Items in questionnaires are typically worded neutrally so as not to state concepts in the extreme. They are like an even-tempered friend—they have opinions but aren’t overly optimistic or chronically pessimistic about things.

What happens when items in a questionnaire or survey are worded in the extreme?

Two years ago we tried a little experiment at the annual UPA conference to find out.

We wanted to know what would happen if we rephrased the moderately worded items of the popular System Usability Scale questionnaire (SUS). Specifically, we wanted to see the effects of using extremely worded items instead of the original neutral items.

For example, item one of the SUS questionnaire is: I think that I would like to use this system frequently.

What would happen if we made it an extreme positive statement?

I think that this is one of my all-time favorite web sites.

Or an extreme negative statement?

I think I never want to use the web site again.

Would respondents notice the difference? If so, how would it affect their scores? A group of us (Keith Karn, Alex Little, Greg Nelson, Jeff Sauro, Jurek Kirakowski, William Albert and Kent Norman) created two new versions of the SUS; one an extreme positive version and the other an extreme negative version (shown below).

The extreme positive SUS.

  1. I think that this is one of my all-time favorite web sites.
  2. I found the web site was really straightforward.
  3. I thought the web site was amazingly easy to use.
  4. I think that technical support services are just not required for the web site.
  5. I found the various pages on the web site worked together very smoothly.
  6. I thought the web site was consistent throughout.
  7. I would imagine anybody could use the web site like a pro from day one.
  8. I found the web site was a delight to use.
  9. I felt completely confident using the web site.
  10. Everything I needed to know about using the website was there for me.

The extreme negative SUS.

  1. I think I never want to use the web site again.
  2. I found the web site to be horribly complex for no good reason.
  3. I thought the web site was very difficult to use.
  4. I think that I would need a permanent hot-line to the help desk to be able to use the web site.*
  5. I found all the pages on the web site to be an ugly mess.
  6. I thought the inconsistency in the web site would kill it.
  7. I found the web site to be completely impossible to use.
  8. I found that this web site was extremely awkward to use.
  9. I felt utterly confused by the web site.
  10. Absolutely nothing about the web site worked

*Indicates my personal favorite.

We sought out volunteers and asked them to review the UPA website. After the review, participants were randomly presented with one of five SUS questionnaires. They received either the all positive extreme, all negative extreme, one of two versions of an extreme mix(half positive and half negative extreme), or as a baseline the standard SUS questionnaire. Around 60 people in total participated giving us between 10-14 responses per condition.

What happened?

In short, extreme wording makes a difference—a big difference in fact. The perception of usability as measured using the original SUS items was 60. The average score on the extremely worded negative questionnaire was 77, or around 25% higher.

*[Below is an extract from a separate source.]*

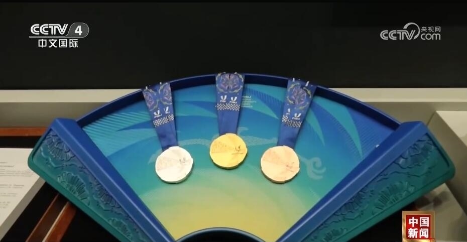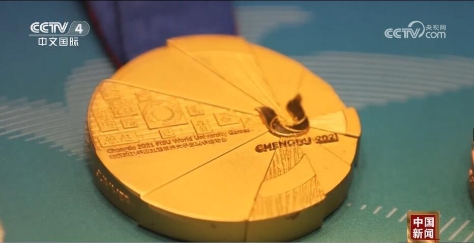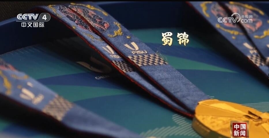 總臺記者 王豐:走進(jìn)成都大運(yùn)會博物館,最大的感受就是成都的元素?zé)o處不在。比如,我們剛一進(jìn)來,右手邊是成都大運(yùn)會的吉祥物蓉寶??赐耆貙殠鷣砜纯慈毓?,什么是蓉光呢?獎(jiǎng)牌代表了成都大運(yùn)會的榮譽(yù),“蓉”是取自成都的簡稱,包含了光榮和融合的含義,整個(gè)獎(jiǎng)牌的設(shè)計(jì)是呈現(xiàn)了不規(guī)則的圓形。另外,獎(jiǎng)牌的元素包含成都市的標(biāo)志——太陽神鳥。此外,在獎(jiǎng)牌的綬帶設(shè)計(jì)上首次采用了蜀錦的制作工藝,實(shí)際上也是非物質(zhì)文化遺產(chǎn)活化利用的非常好的案例。

The average score on the extremely worded positive questionnaire was 41 or around 30% lower than the original SUS score.

Both differences were statistically significant at the relatively small sample sizes (p <.01) and are shown along with 95% confidence intervals in the graph below.


Figure 1: Mean and 95% Confidence Intervals for SUS scores by type of SUS questionnaire.

People basically reacted to these extreme items by disagreeing to them more.

Interestingly enough though, users that got half-extreme positive and half-extreme negative items showed no significant differences from the standard SUS. The higher responses from the extreme negative items basically canceled out the effects of the lower responses from the extreme positive items. Item intensity and direction were confounded so separating the effects of reversing items and making them extreme is difficult at this sample size (although I’ll cover this in a future blog).

Why do people disagree to extreme items?

There are probably several reasons why users tend to disagree more with the extremely worded items but one good explanation comes from some of the earliest research on rating scales (Thurnstone 1928).

It has been noted that people tend to only agree with statements that are close to their attitude and disagree with all other statements. By rephrasing items to their extreme concept, only respondents who had passionately favorable attitudes about the usability of the UPA website tended to agree with the extremely phrased positive statements—resulting in a significantly lower average score. Likewise, only respondents who passionately disfavored the usability agreed with the extremely negatively questions—resulting in a significant higher average score.

While I don’t recommend that anyone uses the above questions in their next usability evaluation, it should be clear from this data that extremely worded items will make a major difference in scores. In fact, compared to other changes you can make such as the number of scale points or the alignment of the response options these effects are huge—about 3 times as large.

When you’re creating your next survey or questionnaire, keep in mind that questions and items interpreted to be extreme will likely result in fewer people agreeing with them. In most cases you’ll probably want items that have a more neutral wording. Of course, what makes an item “extreme” can be highly contextual and controversial.

In hindsight it seems obvious that reactions to extremely worded questions would be like our reactions to extremely opinionated people—we tend to disagree with them more. The good news is that despite the many ways you can mess-up a questionnaire, as long as you use the same questionnaire when you make comparisons between designs, you’ll probably still have meaningful results.